> _Exercise details_:
Return the listing below unchanged, except that the pictures are dropped.
----- Given material
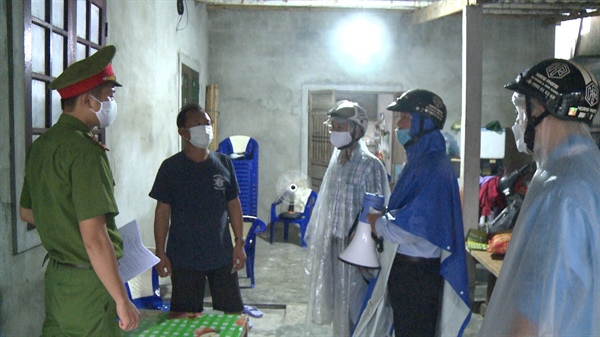 Cán bộ đến vận động, di dời người ở ven biển xã Phú Hải, huyện Phú Vang đến nơi an toàn để tránh trú bão
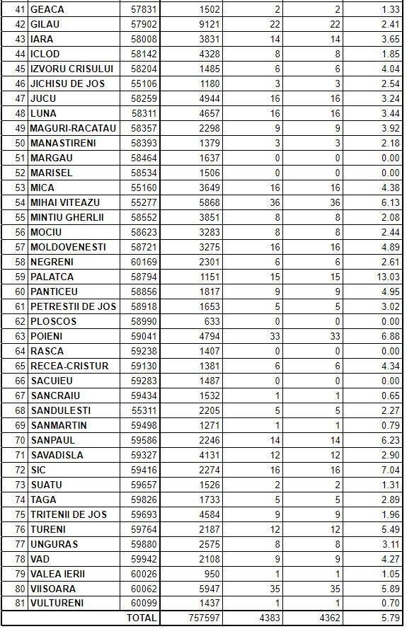 Pe lângă Cluj-Napoca, pe "lista roșie" COVID se află mai află zeci de localități, însă conduc cu cele mai mari rate de infectare comunele Palatca, cu 13,03 cazuri la mie, Gârbău, cu 10,89, Ciucea, cu 9,18 și Călărași, cu 8,03.
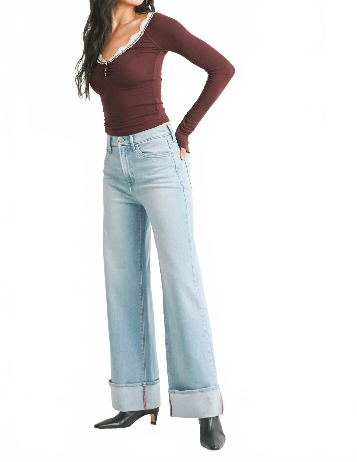 Представляем джинсы-палаццо с манжетами от JBD, идеально подходящие для преппи-образа в отпуске из легкого денима. Эти джинсы с высокой посадкой и широкими штанинами имеют свободный крой и идеально подходят для непринужденного летнего образа. Состав: 95% хлопка, 5% полиэстера и 2% спандекса. Изделия производятся в США и застегиваются на пуговицы. Уход: машинная стирка в холодной воде и сушка на горизонтальной поверхности, чтобы сохранить четкий рисунок и превосходное качество.
----------
> _Answer to this task_:
 Cán bộ đến vận động, di dời người ở ven biển xã Phú Hải, huyện Phú Vang đến nơi an toàn để tránh trú bão
 Pe lângă Cluj-Napoca, pe "lista roșie" COVID se află mai află zeci de localități, însă conduc cu cele mai mari rate de infectare comunele Palatca, cu 13,03 cazuri la mie, Gârbău, cu 10,89, Ciucea, cu 9,18 și Călărași, cu 8,03.
 Представляем джинсы-палаццо с манжетами от JBD, идеально подходящие для преппи-образа в отпуске из легкого денима. Эти джинсы с высокой посадкой и широкими штанинами имеют свободный крой и идеально подходят для непринужденного летнего образа. Состав: 95% хлопка, 5% полиэстера и 2% спандекса. Изделия производятся в США и застегиваются на пуговицы. Уход: машинная стирка в холодной воде и сушка на горизонтальной поверхности, чтобы сохранить четкий рисунок и превосходное качество.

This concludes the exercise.